Not to mention I still have sickbrain,* which means for all I know I just wrote a scene involving psychedelically furred aliens whose faces can fwoomp out like giant inside-out umbrellas and whose language sounds like dueling banjos.

Hah, wouldn’t that be crazy and … oh, it looks like that’s what I did write.

Good god, I’m not even on any drugs other than your basic antidepressants, and yet I see colors in music and firmly believe that the number eight is male and invent flying umbrella-faced banjopeople.

I probably wouldn’t even notice if I took LSD.

Well, anyway. This scene is complex enough that I wasn’t sure I was going to put it onscreen. The aliens are important enough to the plot of this Doctors! episode, but if it weren’t for the fact that it also provides a very useful setting for secondary character development, I might have just scrapped it. I myself would find a slow, uncertain scene involving a somewhat lost galactic culture trying to talk to a thoroughly lost pre-space individual to be fascinating if done right, but then I also found the linguistic appendices in The Lord of the Rings fascinating, so I’m not the best judge here. But I think if I do it right it’ll wind up useful and interesting.

I just hope I still think that when I get all the mucus out of my head. Otherwise I’ll have to try again, and damn, it was tough enough the first time.


*I know I’m whinging, but I am sick dammit and GET to whinge, and I hate the way I think when I’m sick. It’s sort of fuzzy and soupy at the same time.
bloodyrosemccoy: Beast from X-Men at the computer, grinning wickedly (Beastly)
Yes, on top of all the stuff I’m doing right now, I’m still writing!

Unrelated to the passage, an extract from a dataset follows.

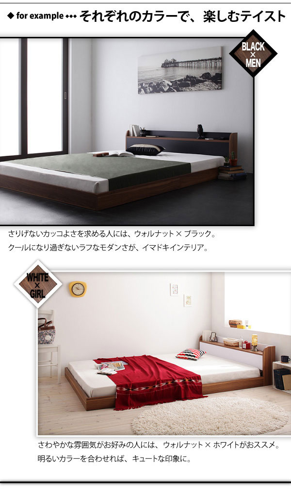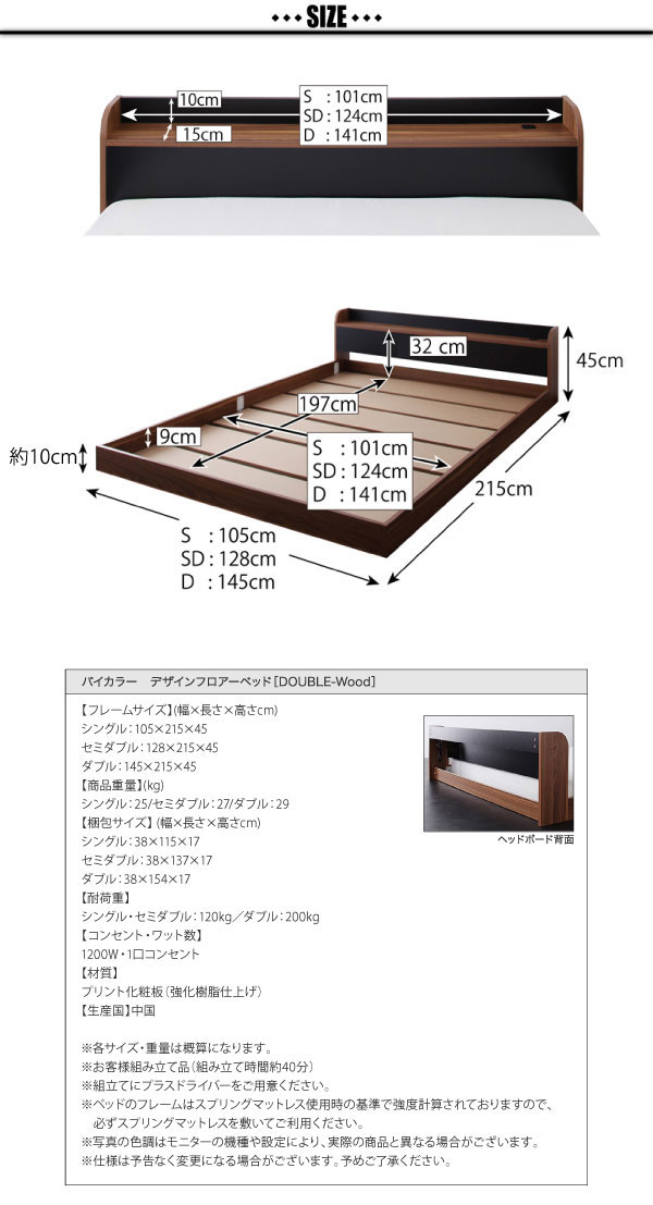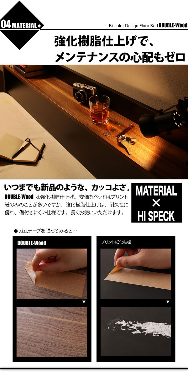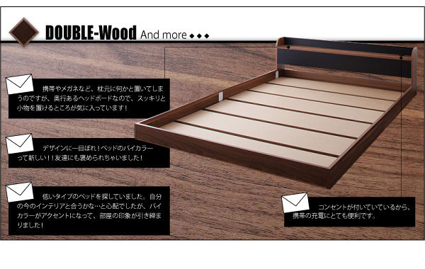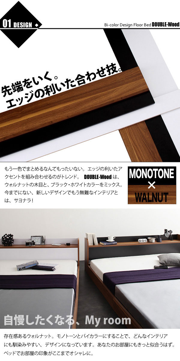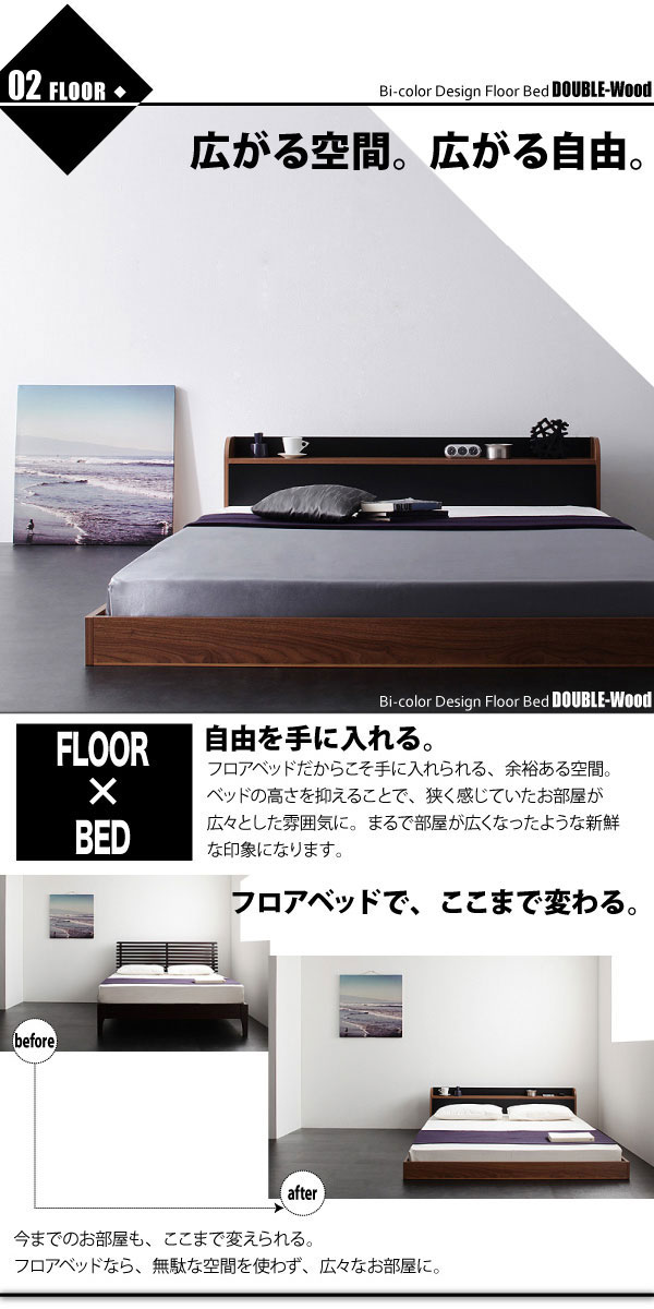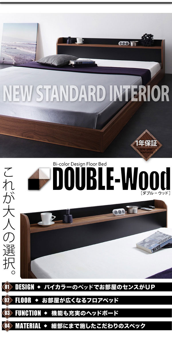 • 品名 棚・コンセント付きバイカラーデザインフロアベッド【ダブルウッド】ベッドフレームのみ ダブル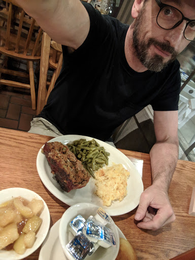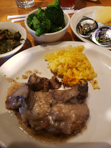 Standard Cracker Barrel fare, but theyve got the Campfire chicken meals going this time of year and I love it. Juicy, tasty meal, chicken not dry, plenty of food at a very reasonable price. Service was very friendly and fast though the place was packed on Saturday night.

I want to get something published one of these days, after all, so I’ve got to keep working. But I am having some trouble deciding which of my two big projects I should concentrate on and get published first. I’ve got two options:

1. Doctors! In! SPACE! – A stand-alone book I realized I was writing like a TV series—each chapter is an individual episode, with longer arcs following them through. It’s narrated by Dreedo Lonelight a PA-of-sorts (SPACE!doctors apparently have different ranking systems because PAs aren’t quite like they are here), who is also a humanoid monkey-faced character of a somewhat Aspberger’s-y disposition, putting up with such problems as cowardly little sea creatures wanting to be driven insane, alien sex ed, patients who insist that they’re hounded by evil spirits, surgically removing congenital organic jet packs, and an omnipresent hive-minded colleague with a picking problem.

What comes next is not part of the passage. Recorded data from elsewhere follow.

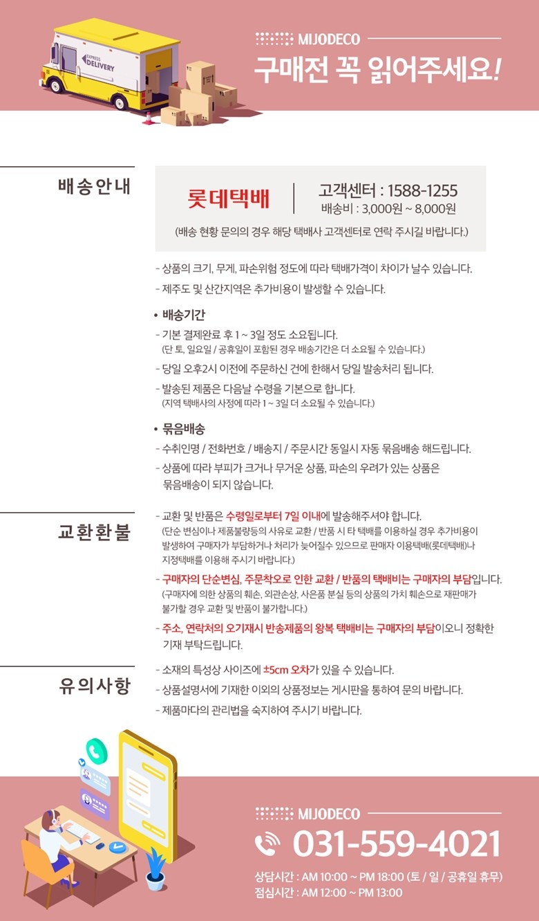 - ㆍ모니터 해상도의 차이로 인해 색상이나 이미지가 실제와 달라, 고객이 단순 변심으로 교환/반품을 무료로 요청하는 경우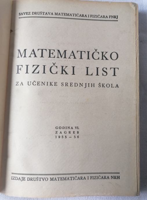 Na voljo je lepo ohranjena knjiga MATEMATIČKO FIZIČKI LIST,
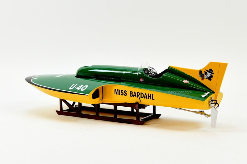Miss Bardahl hydroplane model Dimension approx.: 26? L x 11? W x 5.5? H. The model is already built, NOT a model ship kit
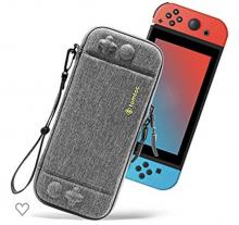 Nintendo Switch console, red and blue controllers, in a grey case (picture attached).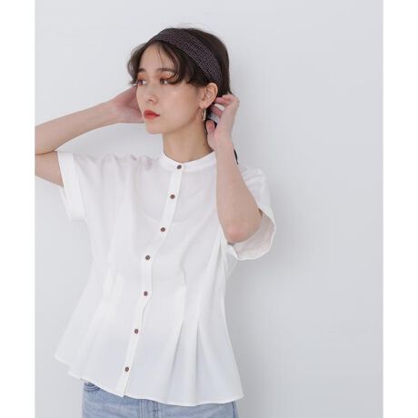 ウエスト周りにタックを入れてシェイプさせた半袖ブラウス。これからの季節に馴じみのいい麻調素材を使用しています。適度にウエストシェイプしたデザインは、配色のきいたボタンがアクセントになり、裾をアウトしたままスッキリ着用できます。二の腕をカバーする袖丈は、袖口の折り返しで、腕をほっそり見せてくれます。キレイめパンツやIラインスカートと合わせてオフィスシーンに、デニムパンツを合わせると大人のオフカジュアルにも着まわしできます。【Designer's Voice】ウエストがスッキリスタイルアップして見えるタックディティール入り。シルエットがほんのりペプラムシルエットになります。ボタンは全開可能なデザインです!※裏地なし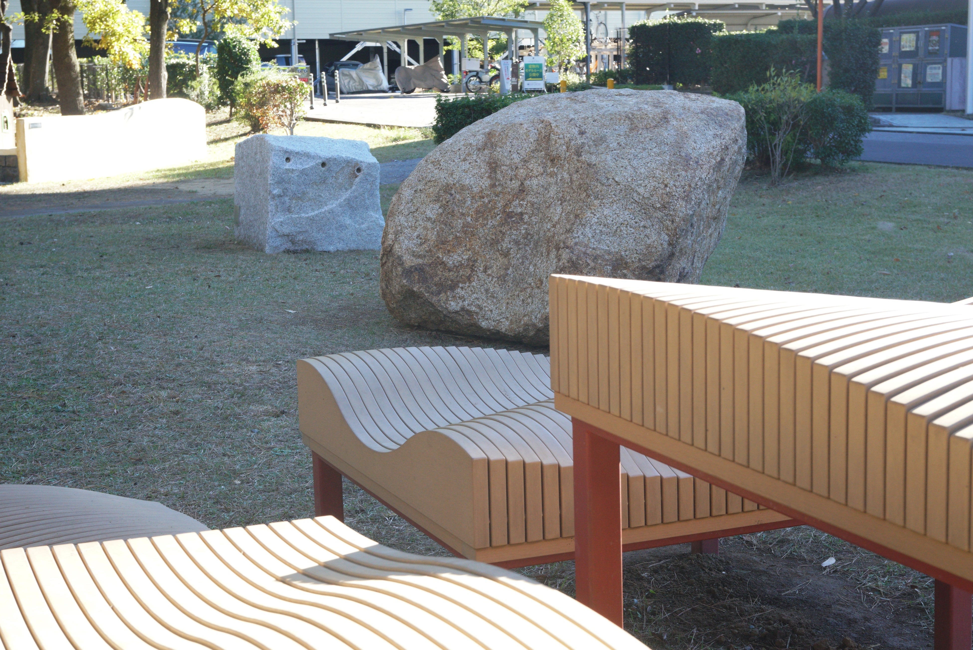 こどもからの意⾒を踏まえ、家でなく外でゲームやカードゲームができる環境整備を考え、変わった形のベンチを設置。カーブは「正弦波(サインカーブ)」。

The stories focus on the implications of biology on culture and on culture itself. Hopefully the effect is good.

2. The OGYAFE,* aka Obligatory Giant Young Adult Fantasy Epic – Yes, this is what it sounds like. A lot more conventional than the other. Set mostly in another universe, with two protagonists—Sheila, a girl with Mystical Magic Powers, and Jane, who thinks she has invented Sheila as a character in the stories she writes until she finds herself in that universe. It’s got a gods-war in it, big purple dragons on ranches, vaguely communist not!Elves, and lots of different kinds of cats. It’s also got some of the most bizarrely motivated villains I’ve ever invented: they’re all insane, in all sorts of entertainingly different ways. Plus, one has huge useless bat wings and spends a lot of time complaining about them.

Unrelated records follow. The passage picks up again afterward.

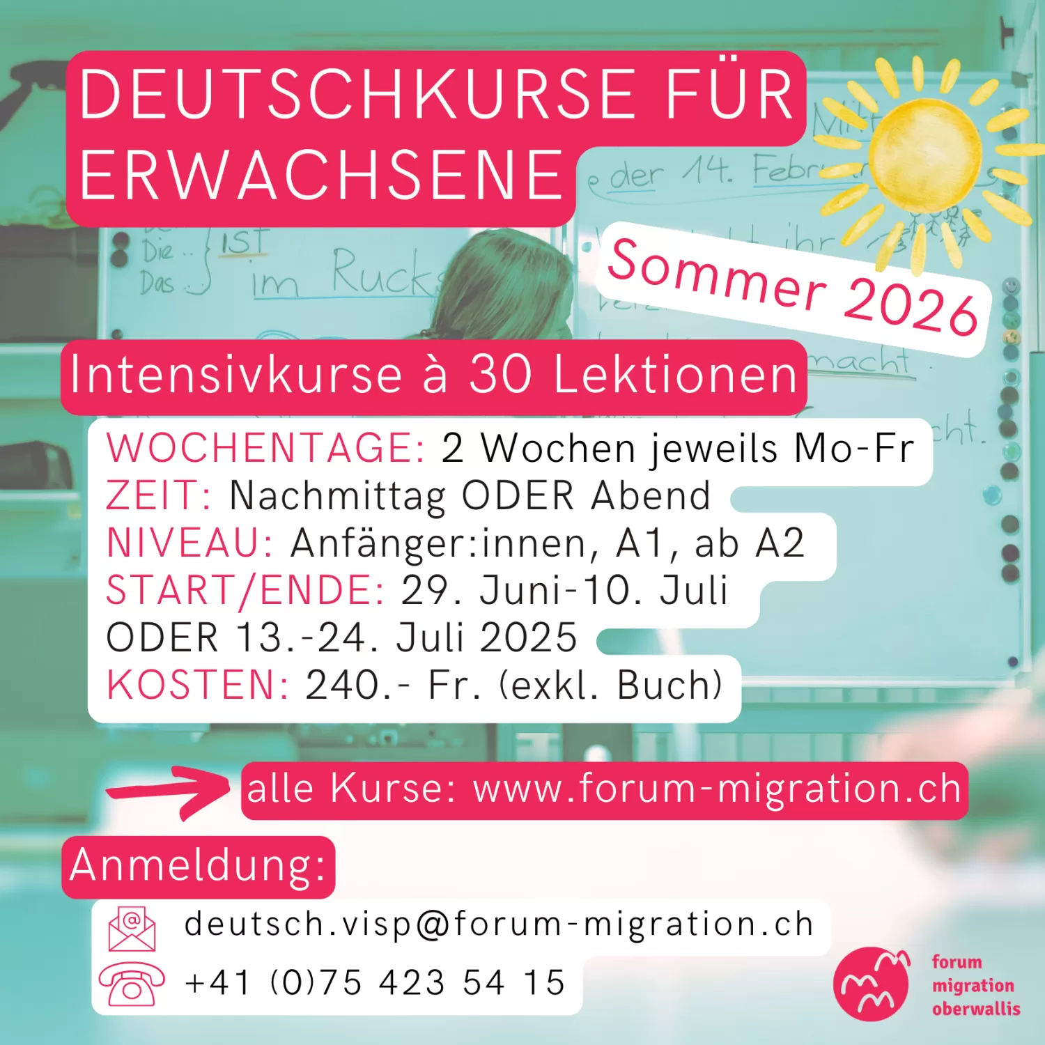 Die Angebote für die Intensiv-Deutschkurse im Sommer 2026 sind online!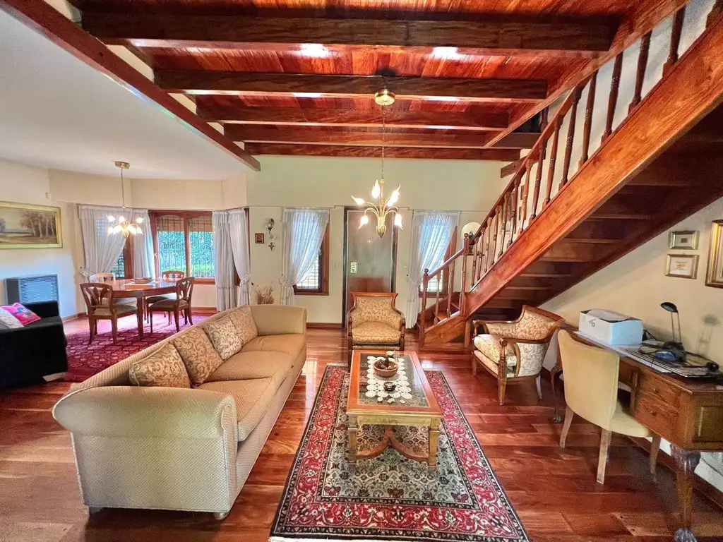 La casa cuenta con un amplio y luminoso living-comedor, con pisos de viraró entarugados que realzan la calidez del ambiente. Una escalera de madera lustrada lleva a un espacioso escritorio, playroom o 4° dormitorio, ideal para múltiples usos.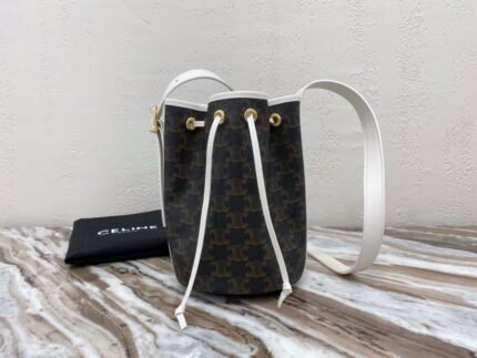 CELINE TRIOMPHE CANVAS SMALL DRAWLING BAG n6 X 8 X 6 INCHES (14 X 21 X 14 cm)n62% canvas, 38% calfskin leathernCrossbody & ShouldernDrawstring Leather StrapnAdjustable Leather Shoulder Strap 20 inches (50 cm)nNo. 191142BZJ.04LUp550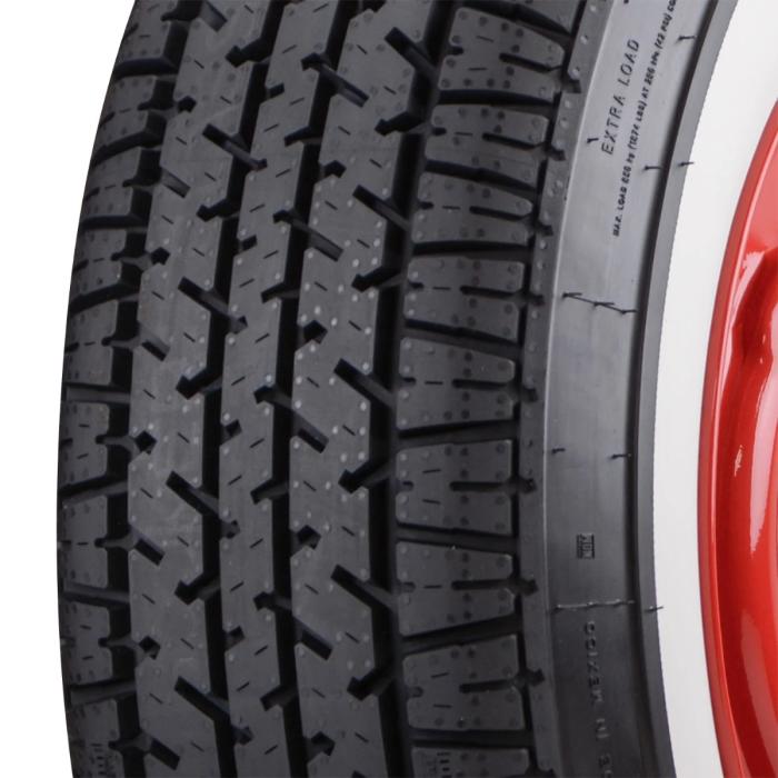 The Coker Classic Star Series 205/75R15 whitewall tire is a modern radial tire with best-in-class speed, load and traction ratings. This tire features a 2.50-inch whitewall, which is built into the tire from day one for a long-lasting tire that offers the perfect look for your classic car. The wide whitewall is perfect for '40s, '50s and '60s classic cars, and the 205/75R15 sizing is a direct replacement for 670-15 and F78-15 bias ply tires. Coker Classic Star Series tires feature a 480AA UTQG rating, giving them excellent treadwear, traction and temperature control. Another best-in-class rating is the T speed rating (118mph), as well as XL load rating, thanks to a reinforced sidewall. The low-noise tread looks and performs nicely, and this tire is DOT approved and E-marked for the European market. You won't find a better whitewall radial tire on the market, you have our word on it!

The bad news is, like any good OGYAFE, it’s going to be several books long. (Four, actually.) And it’s not exactly unique, but I have always wanted to toss my hat into the OGYAFE ring, and I want to see if I can redo this old story well.


So! Get all that? Good! Now, rest assured that barring an asteroid strike I will plow away at both of these. But for now, I want to know what you think:

[Poll #1323108]


*Ogyafe has made it into one of my conlangs—in Rredrra it means “everlasting creative endeavor that is never quite finished.”